CSY's usual excuse is that they don't think that it is worth committing the
resources to, at the cost of leaving other things not done.

This is essentially a correct statement, IMHO, as such a project should
*not* be a CSY engineering project, it should be a CSY *marketing* project.
Marketing should be paying for this kind of thing, and should arrange for
both the funding and the personnel to carry it out.  It's up to marketing to
decide if having great TPC numbers for the 3000 would be a more valuable
sales tool than, say, a month of magazine advertising, etc.

I'm skeptical that a "shared source" project would get anywhere, but then
again this is an "application" programming project, not some esoteric
technical thing, so there ought to be a wider group of potential
participants for this than for, say, Query enhancements.
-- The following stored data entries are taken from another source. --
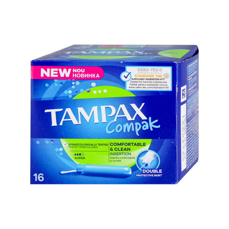 Da biste koristili TAMPAX TAMPONI COMPAK SUPER, prvo operite ruke kako biste osigurali higijenu. Zatim, izvadite tampon iz pakovanja i držite ga za donji deo. Uzmite udoban položaj, bilo da sedite ili stojite, i lagano umetnite tampon u vaginu pod uglom od 45 stepeni. Kada je tampon pravilno umetnut, ne bi trebalo da osećate nelagodnost. Nakon što tampon postavite, povucite aplikator da biste ga oslobodili. Tampon treba menjati svaka 4 do 8 sati, u zavisnosti od jačine menstrualnog toka. Nikada ne ostavljajte tampon duže od 8 sati kako biste izbegli rizik od TSS (toksičnog šok sindroma).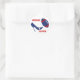 Fun football themed invitation envelope seal stickers. Done in a round shape, with a white background and graphics of a red and blue football being kicked with a elegant blue stiletto high heel shoe. Red text reads Wedding Shower. Personalise the text for your event.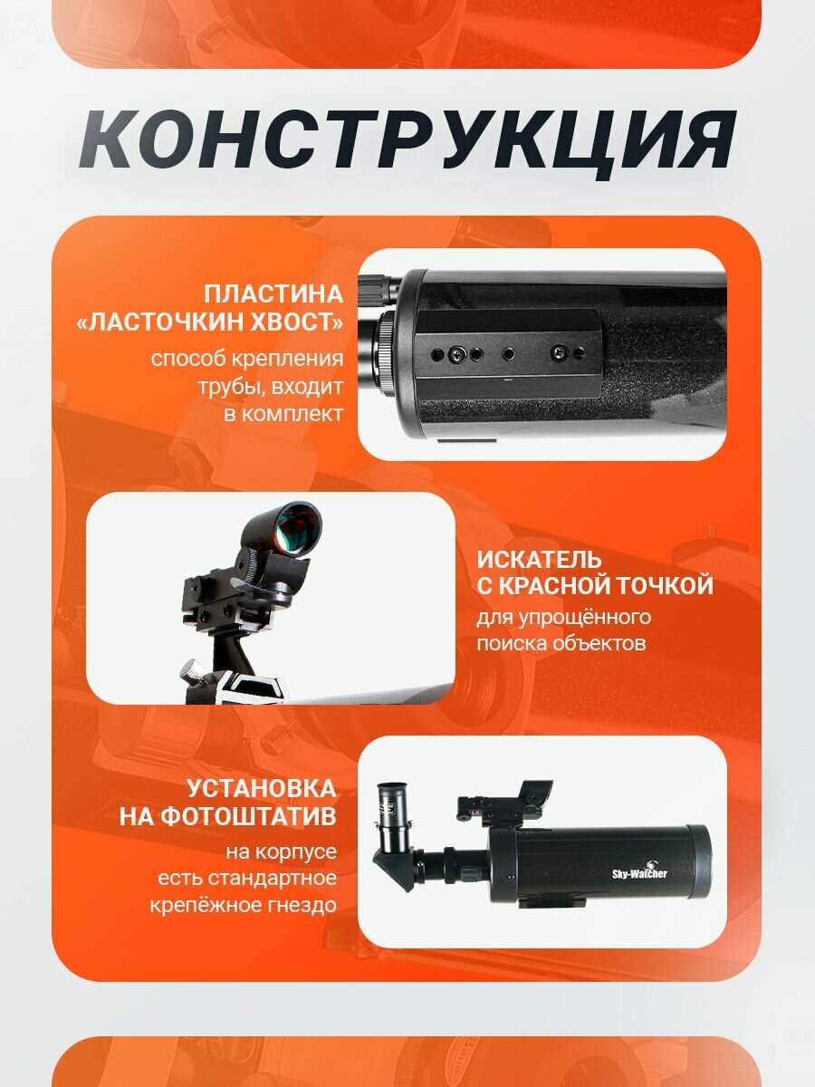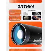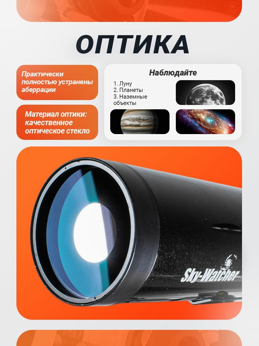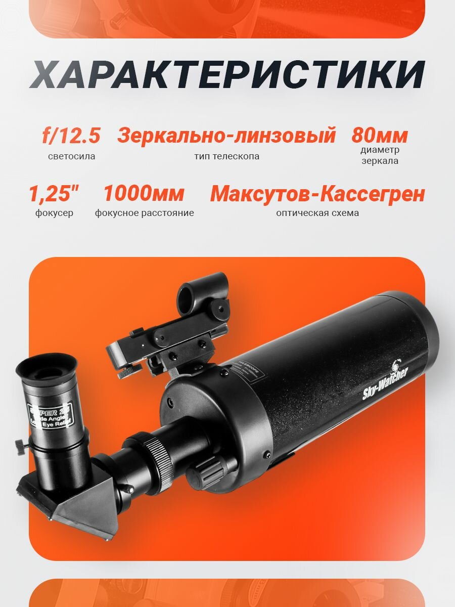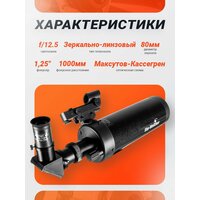 Эта модель собрана по схеме Максутова-Кассегрена, поэтому аберрации практически отсутствуют. В комплект входят окуляры с фокусным расстоянием 25 мм и 10 мм. Первый в большей степени подходит для обзорных наблюдений, а второй лучше использовать для более детального изучения небесных тел. Искатель с красной точкой поможет быстро навестись на любой интересующий вас объект. Труба комплектуется диагональным зеркалом, которое позволяет вести наблюдения из наиболее удобного положения.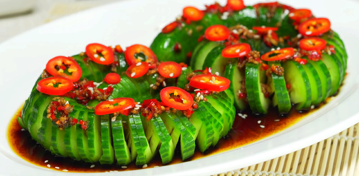 Огурцы в китайской кухне занимают особенное место, и существует множество рецептов для их приготовления. От салатов и супов до закусок — огурцы используются битыми, жареными, тушеными, вареными, маринованными и острыми. У каждого из этих блюд свой неповторимый вкус. Я предлагаю вам приготовить салат из огурцов по-китайски с оригинальным соусом и интересным способом нарезки. Этот салат готовится быстро и станет не только отличной закуской, но и стильным украшением любого стола. Приятного аппетита! Ингредиенты: Пошаговый процесс: 1. Разместите огурец между двумя палочками для азиатской еды и нарежьте его под прямым углом тонкими кольцами толщиной 2-3 мм. Нож будет касаться палочек, не разрезая огурец полностью. 2. Переверните огурец не разрезанной стороной вверх, поместите палочки с обеих сторон и нарежьте огурец под углом примерно 30° также толщиной 2-3 мм по всей длине. Результатом будет спираль из огурца. 3. Мелко нарежьте чеснок и перец чили. Подготовьте маринад, смешав чесно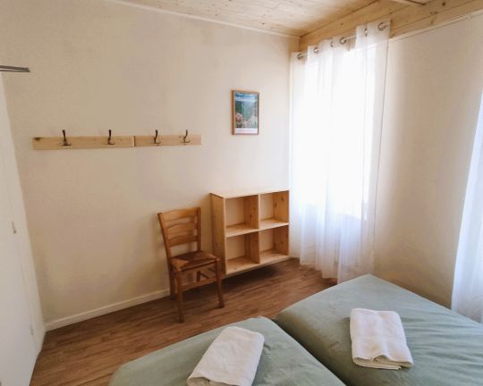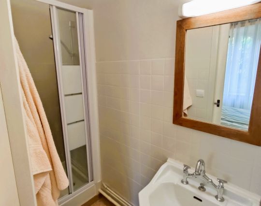 La chambre se compose de 2 lits individuels et une salles de bain avec douche. Les WC sont sur le palier.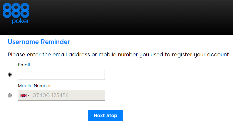 2. Enter the email address or mobile number used to register your 888poker account; click 'Next Step'.

Lots of people consistently miss a key point about open/shared source, which
is that it only works if there is someone willing to spend virtually their
full time driving and managing the project.  Look at all of the *successful*
open source projects and at the core you'll find one individual who drives
the project and who did all of the original work.  That central person also
usually has to complete at least a basic implementation before others can be
interested in the project.  You can't make stone soup without a stone.  So
open source usually won't work to get other people to do the things that
*you* think should be done.

Having said that, the best way to do TPC-C on the 3000 would probably be
with a group effort that included input from all of the most experienced
application and database designers and performance experts on the 3000.  If
CSY Marketing would provide the funding for the one technical project
coordinator/architect to oversee, manage, and drive the project, or if
someone in the community is willing to voluntarily take on this role, then
there would probably be lots of people willing to offer advice and possibly
programming effort to the project.

Another option would be for one 3rd party company who depends on the 3000
for their existence, or a consortium of such companies, to provide the
funding required to get the project going.

Again, the first step obviously should be to try to determine just how much
work would be involved, and what the projected results would be.  If we
can't get TPC-C numbers that are substantially better than the current HP-UX
numbers for equivalent hardware then there's no big win in doing it.  Of
course if we *can* blow the HP-UX numbers away, then there's potentially a
political problem inside HP of showing up the HP-UX side of the house.

G.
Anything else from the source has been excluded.